ENTRIES SUPPLIED –
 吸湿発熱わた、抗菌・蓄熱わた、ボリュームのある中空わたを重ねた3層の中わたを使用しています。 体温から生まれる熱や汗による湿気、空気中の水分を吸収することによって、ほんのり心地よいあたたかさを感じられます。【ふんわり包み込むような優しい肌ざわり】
...
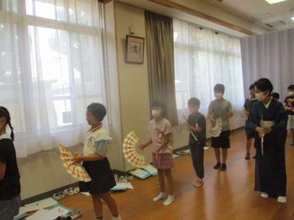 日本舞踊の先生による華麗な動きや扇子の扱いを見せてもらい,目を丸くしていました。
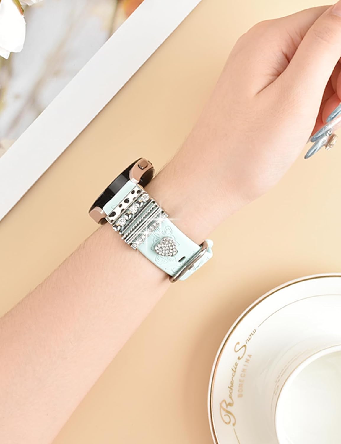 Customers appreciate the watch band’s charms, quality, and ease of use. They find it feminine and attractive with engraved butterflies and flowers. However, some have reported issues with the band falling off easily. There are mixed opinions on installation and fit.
--
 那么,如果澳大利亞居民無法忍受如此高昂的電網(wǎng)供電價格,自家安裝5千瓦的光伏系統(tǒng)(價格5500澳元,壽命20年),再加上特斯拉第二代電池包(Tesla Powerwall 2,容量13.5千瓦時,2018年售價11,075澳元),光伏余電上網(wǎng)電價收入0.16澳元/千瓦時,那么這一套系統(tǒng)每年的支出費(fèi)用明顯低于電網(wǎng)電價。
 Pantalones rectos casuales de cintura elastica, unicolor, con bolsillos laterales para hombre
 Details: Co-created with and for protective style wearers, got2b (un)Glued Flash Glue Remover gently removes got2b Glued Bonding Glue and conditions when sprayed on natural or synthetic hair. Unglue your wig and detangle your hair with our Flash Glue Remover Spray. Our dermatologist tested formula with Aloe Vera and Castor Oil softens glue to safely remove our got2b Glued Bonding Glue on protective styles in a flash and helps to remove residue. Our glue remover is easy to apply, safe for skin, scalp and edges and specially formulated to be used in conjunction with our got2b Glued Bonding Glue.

EXERCISE DESCRIPTION – Your answer must be the lines above from the one containing "Pantalones rectos casuales" to the one containing "Details: Co-created with", both included, restated word for word.

SOLUTION –
 Pantalones rectos casuales de cintura elastica, unicolor, con bolsillos laterales para hombre
 Details: Co-created with and for protective style wearers, got2b (un)Glued Flash Glue Remover gently removes got2b Glued Bonding Glue and conditions when sprayed on natural or synthetic hair. Unglue your wig and detangle your hair with our Flash Glue Remover Spray. Our dermatologist tested formula with Aloe Vera and Castor Oil softens glue to safely remove our got2b Glued Bonding Glue on protective styles in a flash and helps to remove residue. Our glue remover is easy to apply, safe for skin, scalp and edges and specially formulated to be used in conjunction with our got2b Glued Bonding Glue.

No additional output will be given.